Sahifa Journal

Our (Hi) Story

Sahifa is the product of a two-year-long conversation amongst a group of Kenyan academics, writers, journalists, and poets, regarding the lack of a medium that brings together rigorous research, public intellectualism, long-form journalism and creative writing under one platform. From a strictly Kenyan perspective, the idea of starting Sahifa was also informed by the collapse of a number of other Kenyan-based journals, and was presented as a way of fashioning out a new and more sustainable model.  

Sahifa was launched on the 9th of October 2020, and two weeks later, announced its first open ‘Call For Stories’ for its inaugural issue, ‘Futures and Dreams’. The journal has since expanded its remit and will be publishing work from the wider Eastern Africa region: Kenya, Uganda, Tanzania, Somalia, South Sudan, Ethiopia, and Mozambique.

Sahifa is inspired by a journal of the same name that was published between October 1930 and February 1931. The double-size sheets of paper covering a particular topic each Monday attempted to provide intellectual energy for the citizens of the East African city of Mombasa, under the context of British colonialism and the veritable advance of Western culture. The journal’s editor and publisher, Al-Amin bin Ali Mazrui (1891-1947) is now renowned as one of East Africa’s most important champions for social reform in a large expanse along the Western Indian Ocean. In the original Sahifa pamphlets, Mazrui drew first from Kiswahili’s rich resource of discursive traditions, and then from Mombasa’s pre-colonial diasporic networks with the Indian Ocean World – so as to interpret the colonial experience and reimagine a distinctive African vision for the future.

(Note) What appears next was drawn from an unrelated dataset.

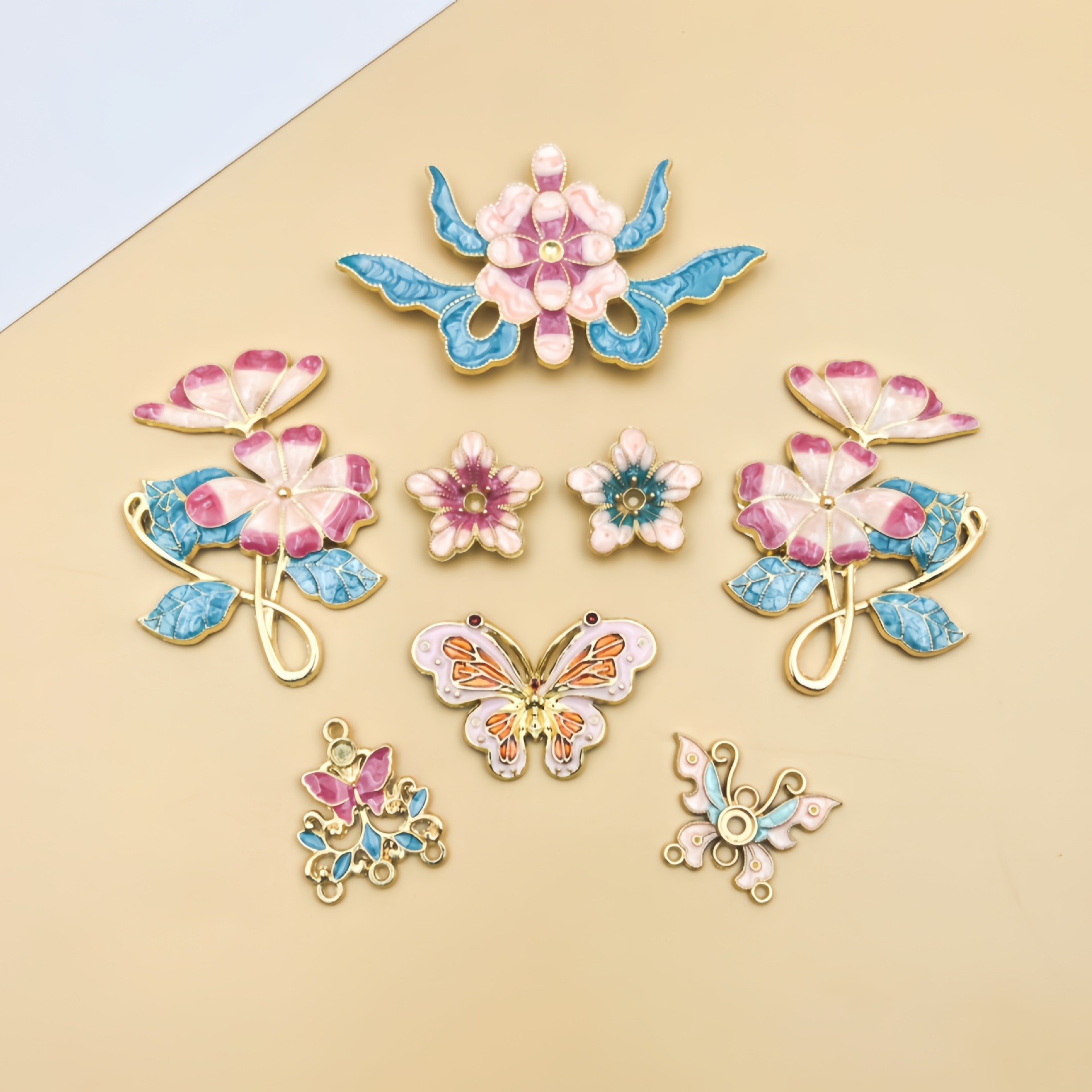 diy新款滴油粉色系合金配件古风发簪步摇流苏挂件手工发饰配件材

The term Sahifa, the Swahili alternative for ukurasa, the term for “page”, signifies the claims to originality, and hence, universality, of our agenda. In Arabic, from which Swahili loans a significant number of its words, it refers to a “blank surface for writing”. We believe in the spirit and the possibilities of the blank page for new thought, and are inspired by Mazrui’s attempt to imagine, think and write from a non-Western perspective.

The story of Sahifa remains a tiny piece of evidence amongst the multiple examples that show that Africans have largely been thinking beings, who have not only produced knowledge in relation to themselves, but also about the world, in their own terms. 

Sahifa is registered in Kenya as a company limited by guarantee, and operate as a not for profit organisation.